Стальные щетки, видно, потрудились на славу, вытравили из него способность постоять за себя, отбили желание быть желанным. Единственное, что у него осталось, – это голос, как сбрендивший оракул, вещающий из катакомб, в которых когда-то обитал его разум.
– Я пошутил, – говорит Баррет. – Конечно, про Бет.
– Понимаю. Организм – он от всякой дряни избавиться может.
– Может.
– А врачи, знаешь, ни хрена не соображают.
– Кое-что соображают. Но иногда ошибаются. Как и все мы.
Баррет слушает, ему удивительно слышать от себя законченные предложения. Их составляет механизм, очистительная машинка, позабытая у него в черепе и выполняющая программу, заложенную в нее прародителями.
– Я лично, если бы заболел, – говорит Эндрю, – пошел бы к шаману.
И тут все меняется.
Баррет удивлен происходящим, но не в силах ему противиться.
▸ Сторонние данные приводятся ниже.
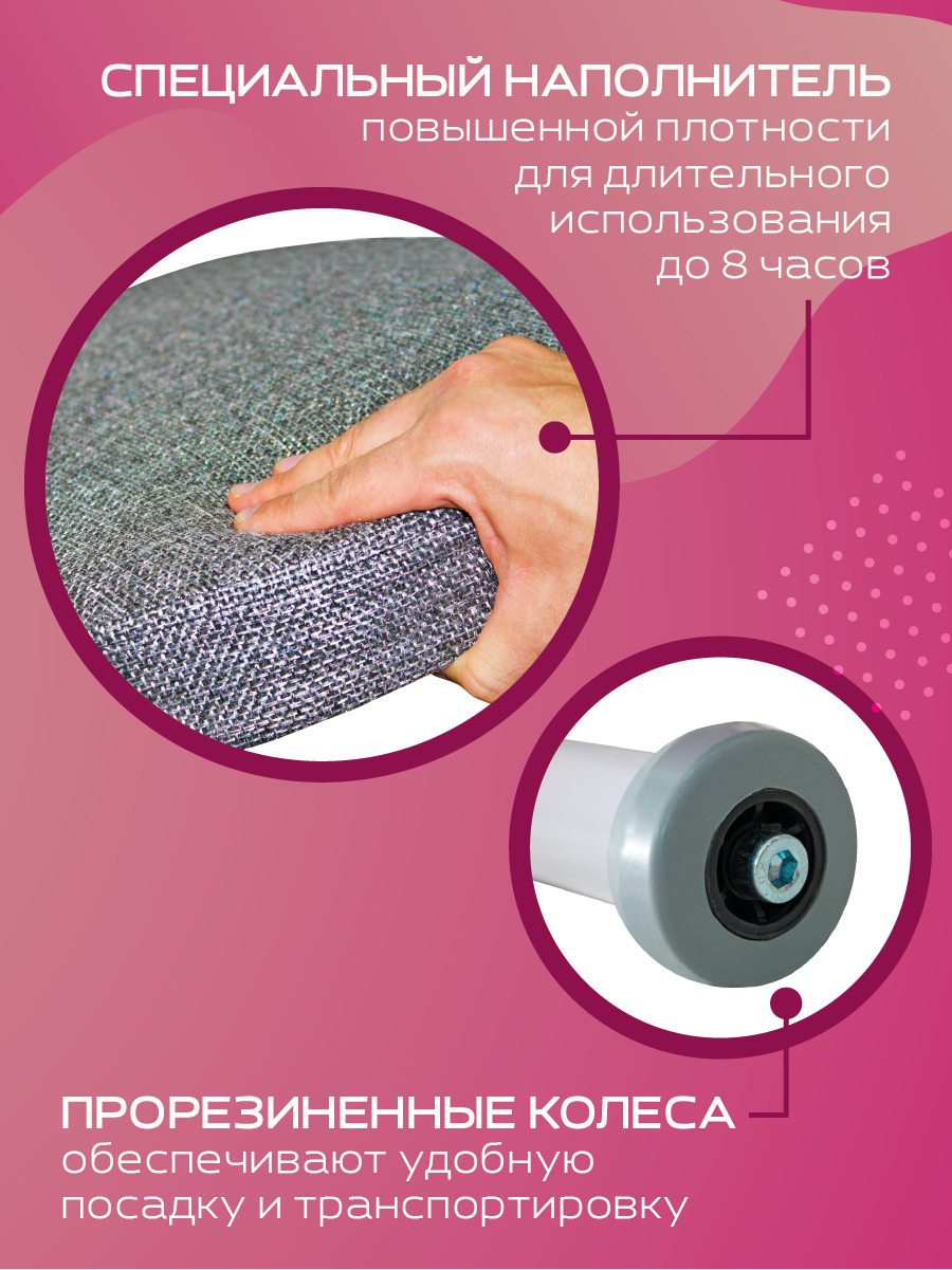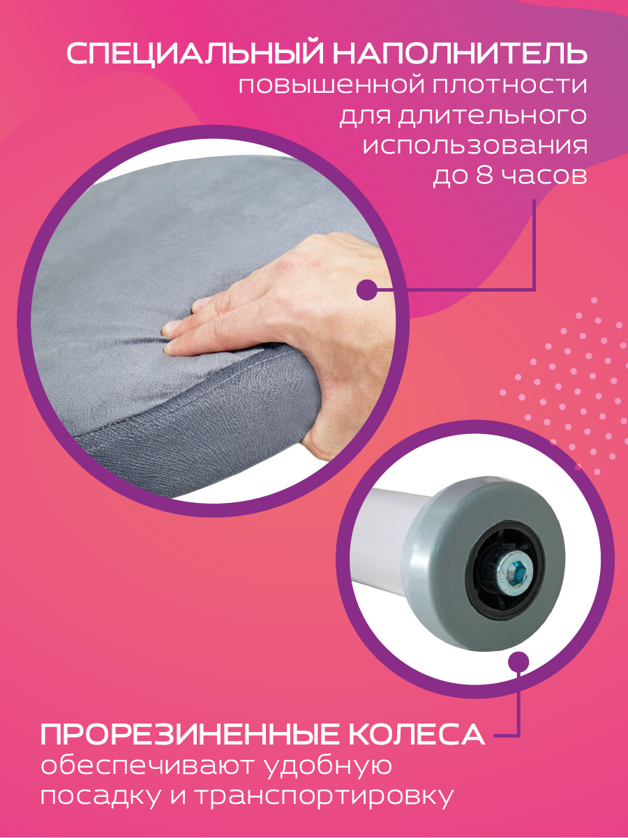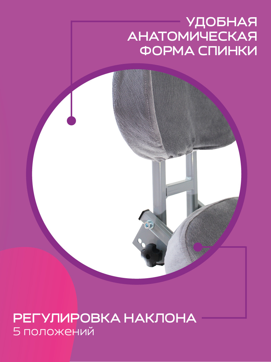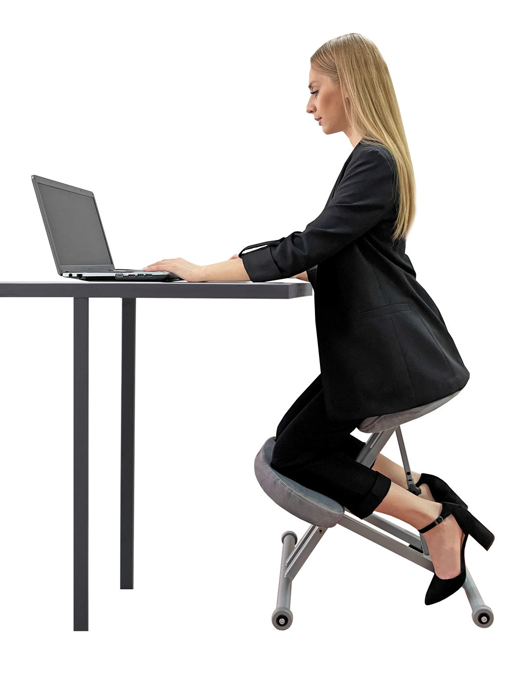 Коленный стул, Ортопедический стул "ProFit" серый велюр + Газлифт + спинка + упоры для ног, 1 шт.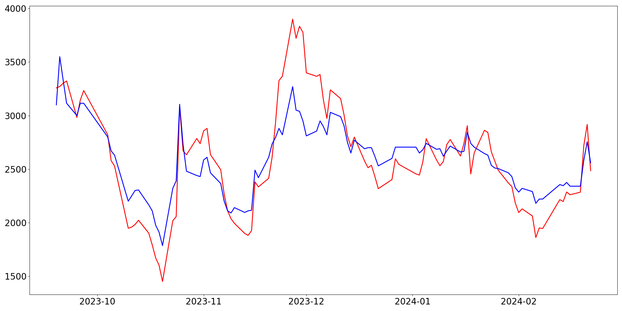 [ - : 실제값(종가) / - : 예측값(종가) ]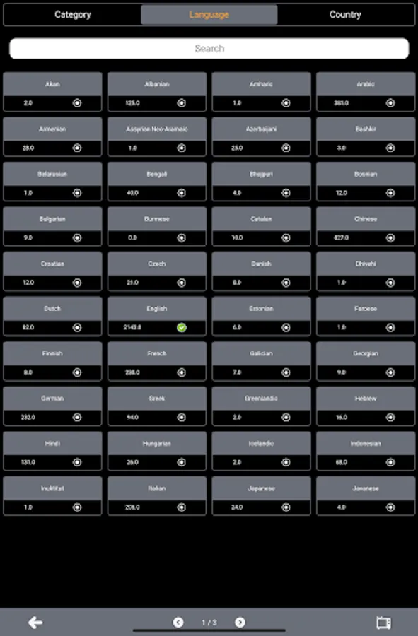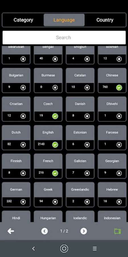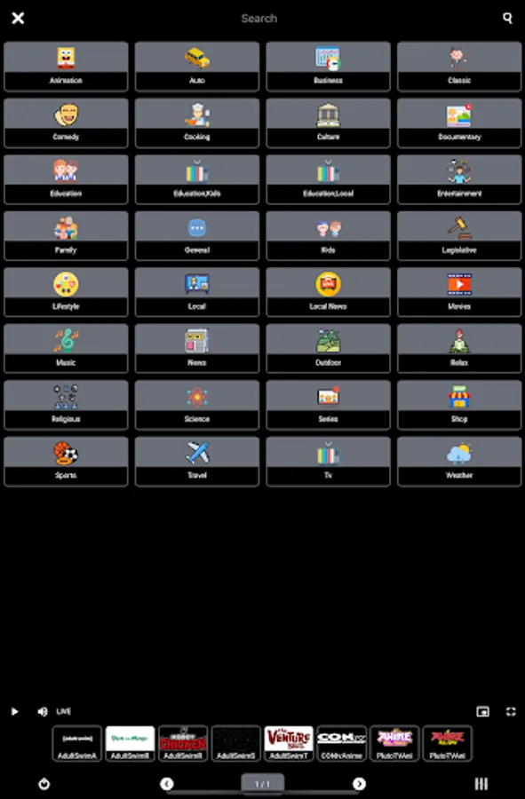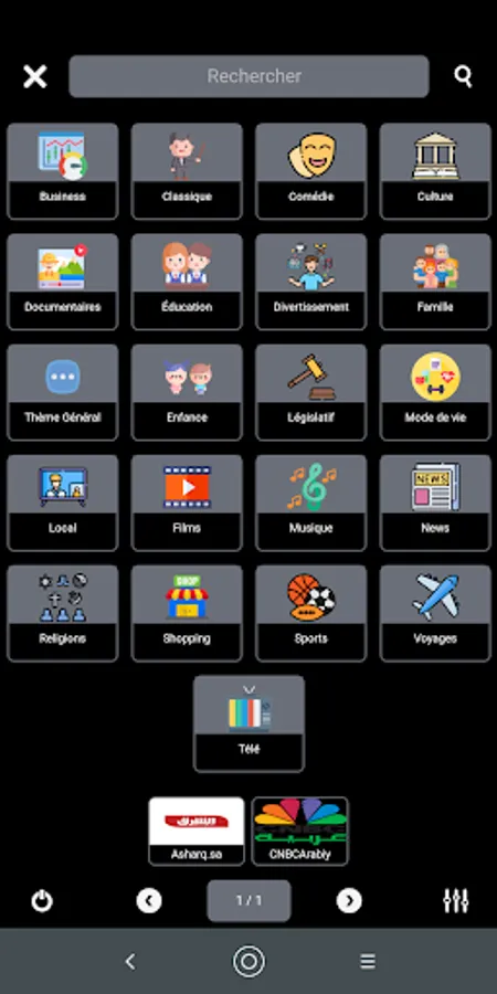 Channels sorted by categories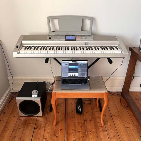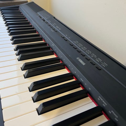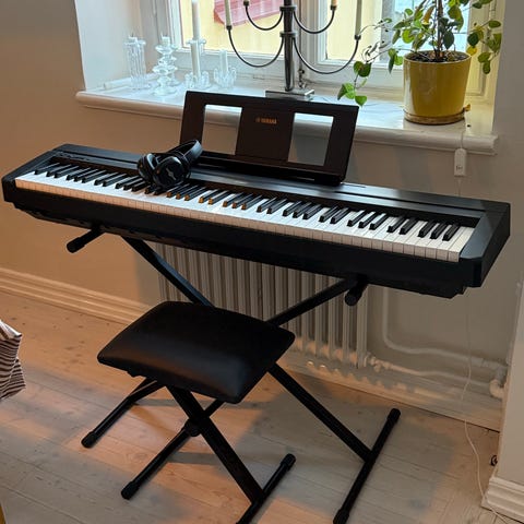 Digitalt piano från Yamaha med 88st "weighted" tangenter som gör att dem känns som ett riktigt piano. Har MIDI funktion över USB vilket gör att man kan spela i en DAW med den. Flera inbyggda instrument, och väldigt bra högtalare! Ca 5 år gammalt men mycket varsamt användt och väl omhändertagen.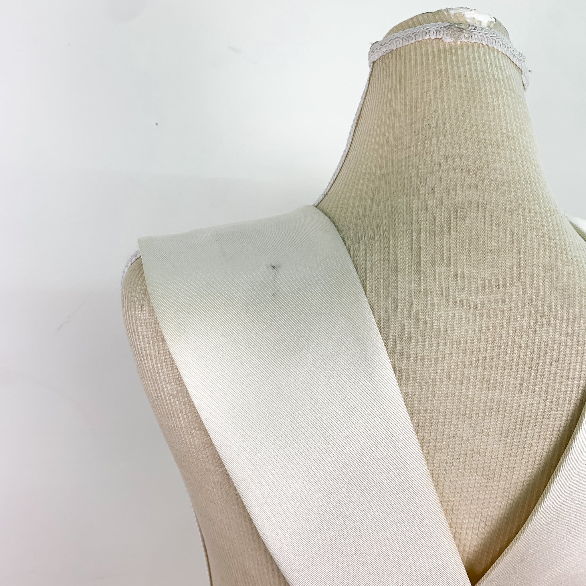 - Condition: Flawed with tags. Stains throughout, some buttons removed. With dry cleaning & new buttons the dress will be perfect. Return tag (pictured in slide 3) has been removed.
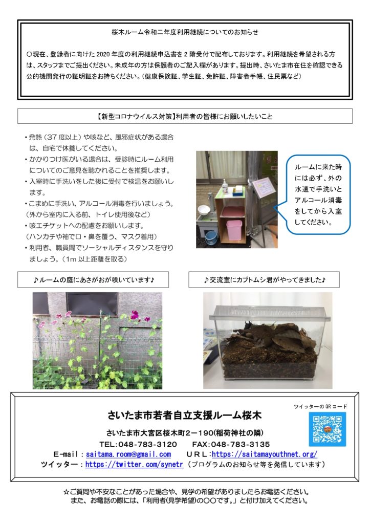 • 【自立支援ルーム】一時閉室についてのお知らせ
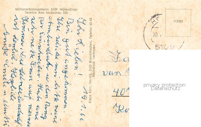 73838864 alte Postkarte Hoefen Monschau Muettererholungsheim postalisch gelaufen Erhaltung siehe scans [WerneD78] KatCode: 11110005354020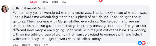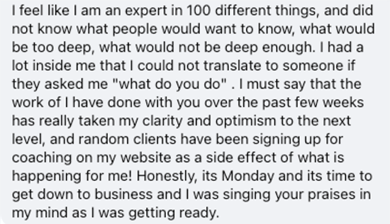 She had zero clients, no message, and was unsure how she’d get clients. We gave her the formula.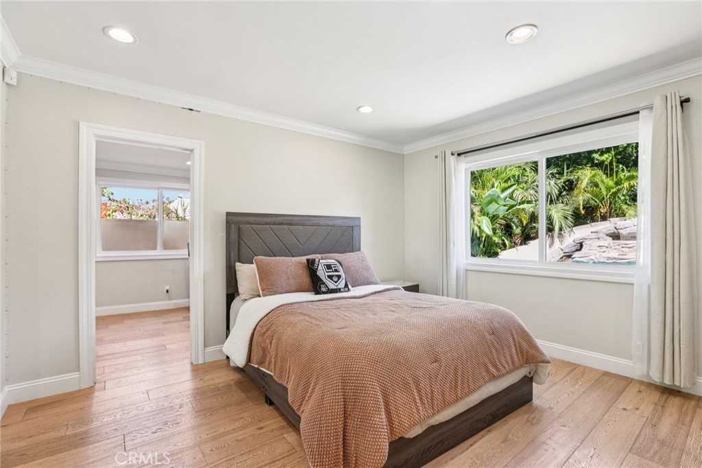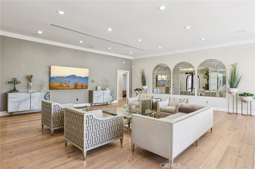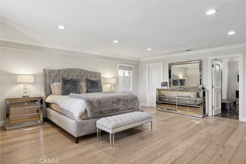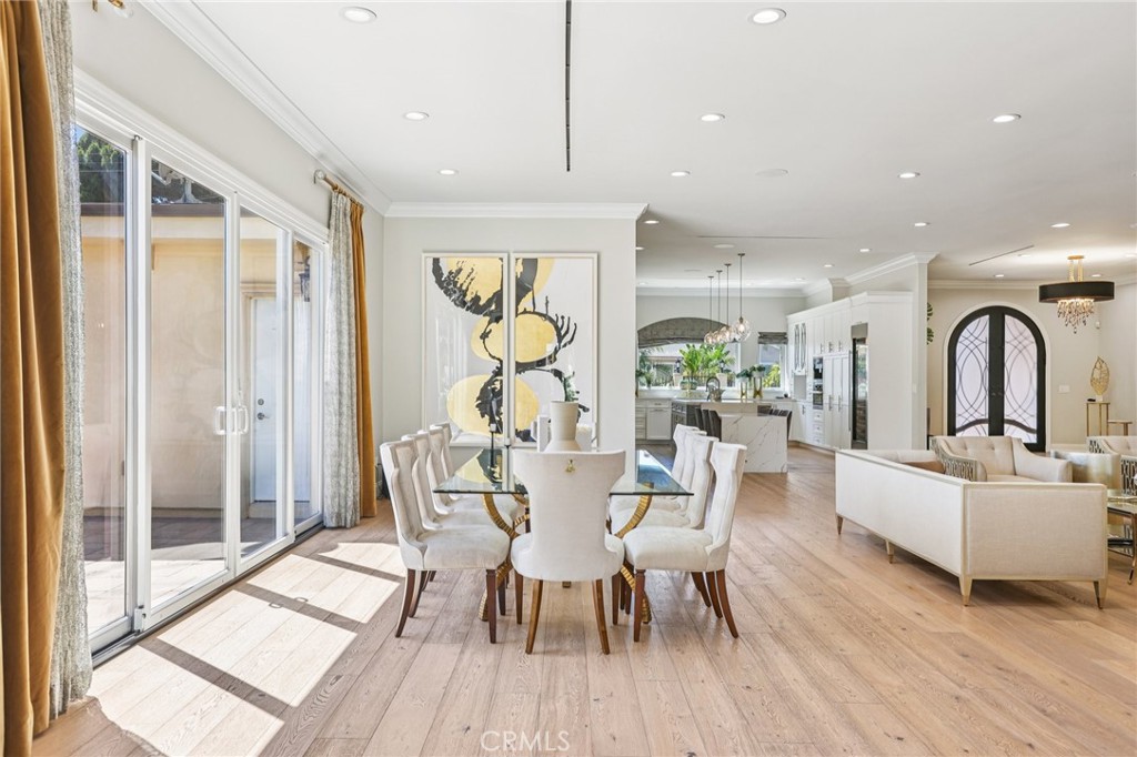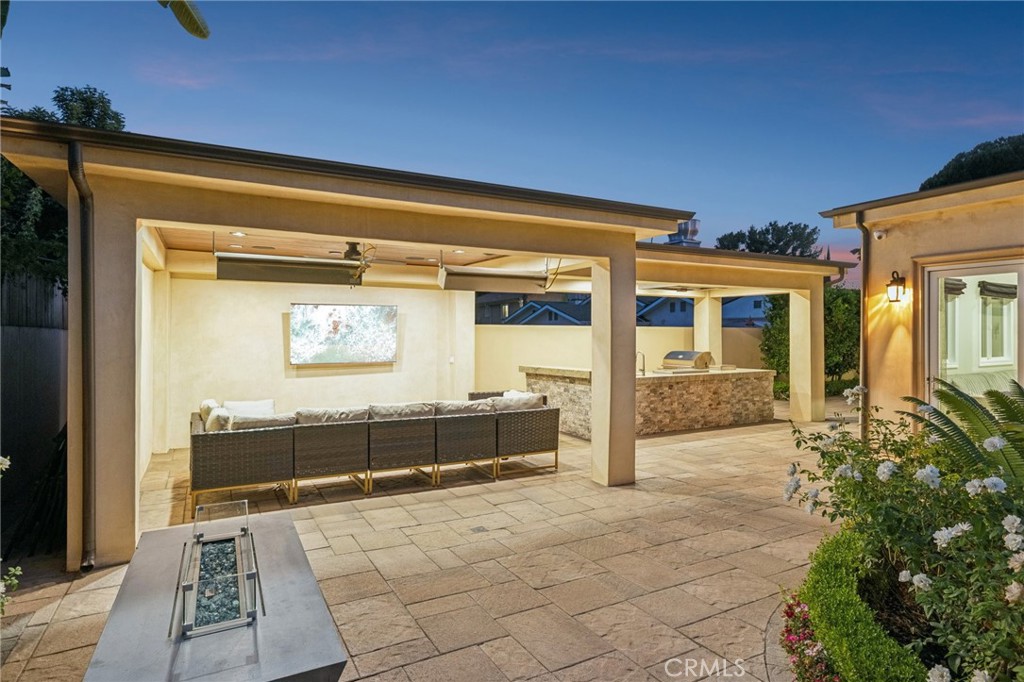 Welcome to 6850 Longridge Ave, a tastefully reimagined Mediterranean style villa featuring 3,450 sqft of living space designed with a light-filled, open floor plan ideal for large gatherings situated on an expansive 11,600 sqft lot! Upon entry you are greeted with an abundance of natural light, high ceilings, recessed lighting, and rich hardwood flooring seamlessly connecting the living room, kitchen, and family rooms. The chef s kitchen boasts an extended center island w/ additional seating, high-end stainless appliances, wine cooler, and plenty of cabinetry. The spacious primary bedroom features a spa-like en-suite bath and roomy walk-in closet with custom built-ins. A secondary bedroom also features an en-suite bath and the third bedroom is paired with a private bonus room. Both the interior & exterior of the home are wired with a high-end audio system catering to audiophiles for the ultimate listening experience. For those who love spending time outdoors, a resort-style backyard paradise awaits. Surrounded by palm trees, the covered patio & BBQ area overlooking the glistening pool, spa & firepit makes this an ideal, private setting for gatherings day or night. Additional highlights include a spacious garage w/ ample storage space to accommodate any buyers needs while the circular driveway can support parking for large families. Don’t miss this one-of-a-kind home blending sophistication, comfort, and unforgettable entertaining spaces.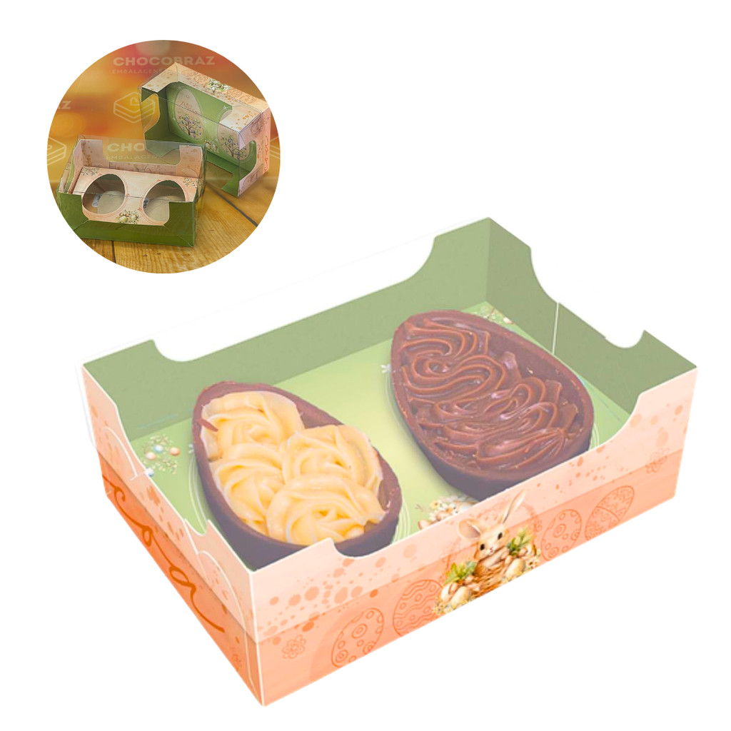 CAIXAS DEGUSTAÇÃO ENCANTO 2 X 50G - COELHINHO ENCANTADO - DUPLA FACE SÃO EMBALAGENS ENCANTADORAS E PRÁTICAS, IDEAL PARA EXIBIR E PRESENTEAR DOIS OVOS DE CHOCOLATE DE 50G. COM DESIGN TEMÁTICO DE COELHINHO ENCANTADO, A CAIXA POSSUI ILUSTRAÇÕES FOFA E DIVERTIDAS, QUE ADICIONAM UM TOQUE FESTIVO À PÁSCOA. A ESTRUTURA DUPLA FACE PERMITE VARIAR A APRESENTAÇÃO, PROPORCIONANDO 2 OPÇÕES VISUAIS. FEITA EM MATERIAL RESISTENTE, GARANTE SEGURANÇA E PROTEÇÃO AO PRODUTO, SENDO UMA EXCELENTE OPÇÃO PARA PRESENTES OU COMERCIALIZAÇÃO NA PÁSCOA. MEDIDAS: 11,5X8X5 CM - PARA 2 OVOS DE 50G ATENÇÃO: - NÃO ACOMPANHA CHOCOLATES

Запускается физический процесс на уровне состава крови. Влечение к Эндрю понемногу улетучивается.
Перемену запустило, должно быть, слово “шаман”. То, что Эндрю сказал это с таким напором, хотя Бет поправилась, ни разу даже не подумав обратиться к шаманам, медиумам или налагателям рук; что уникальный визионерский опыт был ниспослан Баррету, несмотря на весь его скептицизм; что Эндрю выговорил это слово со своим нью-джерсийским акцентом, скорее всего, плохо представляя его значение.
Ни разу до того Баррет не пытался вообразить, какое будущее ожидает Эндрю. В его будущем Баррету явно не отводилось места, поэтому интереснее, сексуальнее было думать об Эндрю исключительно в настоящем времени.